Similar Items

Vector-style item similarity without a vector index. Use _relate over catalog attributes to find nearest neighbors in attribute space.

Similar Items in production — screenshot from the 🛒 E-commerce demo
🛒 E-commerce_relateE-commerceCross-vertical
Production anchorVector-style item similarity without a vector index — _relate over catalog attributes finds nearest neighbours in attribute space.

The problem

Similar-item recommendations sit alongside cross-sell as the load-bearing recommendation pattern in e-commerce. "You're looking at this product; here are five similar ones you might also consider." The pattern is so universal that every catalog tool has some version of it.

The implementations vary in cost. Vector-based similarity (embed each product, run kNN) is fast but requires the embedding pipeline. Manually curated similar-item lists are accurate but fragile and don't scale. Tag-based similarity is in between but misses cross-tag patterns. None of these are perfect; most catalogs end up with a mix that's hard to maintain.

How it works

_relate over catalog attributes computes the conditional probability of one product appearing in similar contexts as another. "Of customers who buy product A, how much more often do they also buy product B?" That is the standard cross-sell pattern (Bought Together). For similar-item, the question shifts: "of customers who view product A, which products do they view in the same session at high lift?"
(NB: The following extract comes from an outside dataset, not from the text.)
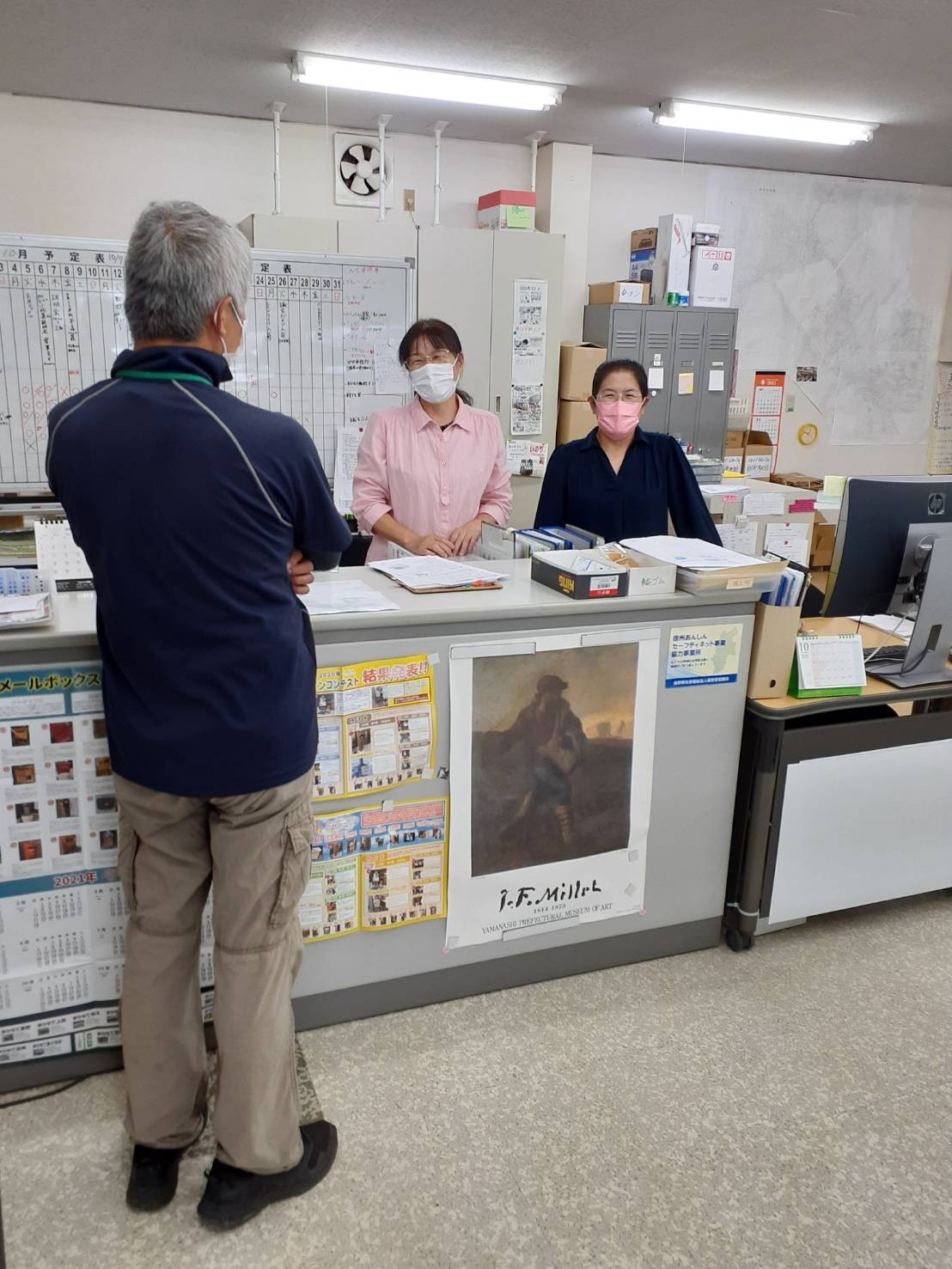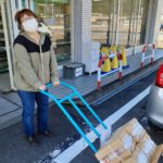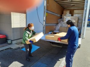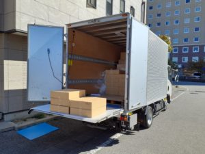 今週のまかせて佐久は、トラックで、段ボール箱60箱の納品がありました。フォークリフトはないので、運転手さんと手運びでの荷受けです。トラックの奥には納品された段ボール箱よりも大きいのが乗っています。どうやらまかせて松本への納品分とのこと。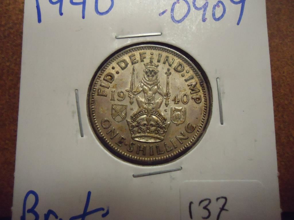 1940 GREAT BRITAIN SILVER SHILLING .0909 OZ. ASW

The result is a calibrated similar-item ranking that respects actual user behaviour, not just attribute matching. Two products in the same category but with different price points have low similarity if customers viewing one don't typically view the other; two products in different categories but with similar buyer segments have high similarity. Behaviour defines the similarity; the catalog schema is just a constraint.

{
  "from": "impressions",
  "where": {
    "product.id": "WIDGET-1042"
  },
  "relate": "product.id",
  "with": "session_id",
  "select": ["$lift", "$p", "product.id"],
  "limit": 10
}

For the full architecture, see the technology overview. For the broader narrative across multiple use cases, read The Predictive Application.

See it live

This use case runs in the 🛒 E-commerce demo today. Click through to the live application and inspect the queries that produce the result. Source is on GitHub under Apache 2.0.

Open the live demo →

Frequently asked

How is this different from Bought Together?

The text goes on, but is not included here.